The suggestion that the wrongdoings of public servants cannot be discussed in the house was at first an invention of the Ottawa papers which cater to the public service and it was brought to the house in the first place by the members of the C.C.F. party to prevent any exposure of their own friends in the service.

I submit respectfully that according to British parliamentary practice, every civil servant is represented in the house by the head of his department. Therefore, as you stated that you were the last person in the house who would wish to curtail in any way my freedom of discussion, I have the unquestionable right of expressing my opinion about any civil servant who cannot sit in the house and be present there because he receives an emolument from the crown. The minister is there to take cognizance of and answer any complaint made by any member of parliament. If the minister is familiar with the matter, he may answer at once; if not, he shall take note of what has been said and give an answer in due course.

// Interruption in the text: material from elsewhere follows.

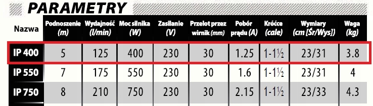 IP Seria zatapialnych pomp plastikowych przeznaczonych do pompowania wody czystej i lekko zanieczyszczonej. W pompach zastosowano króciec tłoczny, do którego można dopasować rożne średnice węża tłocznego w zależności od potrzeb użytkownika. Niewielkie wymiary i waga sprawiają że pompy są niezwykle łatwe w użytkowaniu i konserwacji. Pompy wyposażone zostały w wyłączniki pływakowe automatycznie sterujące pracą pomp.Wszystkie pompy posiadają zabezpieczenie termiczne montowane w uzwojeniu silnika.

Some ministers assume that they always have to take the side of all civil servants in their departments, even when some things have been done against their own instructions or outside of their own knowledge. It seems all wrong because it is an incitement to civil servants to do worse, as they can rely upon their minister's continuous defence to consider themselves unimpeachable, except perhaps when they have been found guilty of a criminal offence.

You went further in objecting to the "references to their personal history such as the hon. member I gather was about to make."

It is pretty hard on a member to object on a guess on what he is going to say. For your information, I must tell you that what I intended to show was the record of experience of the deputy minister of finance, to which your predecessor had vaguely referred but which he, himself, had conspicuously hidden.

I had reference to the statement of Mr. Bennett, which is on record.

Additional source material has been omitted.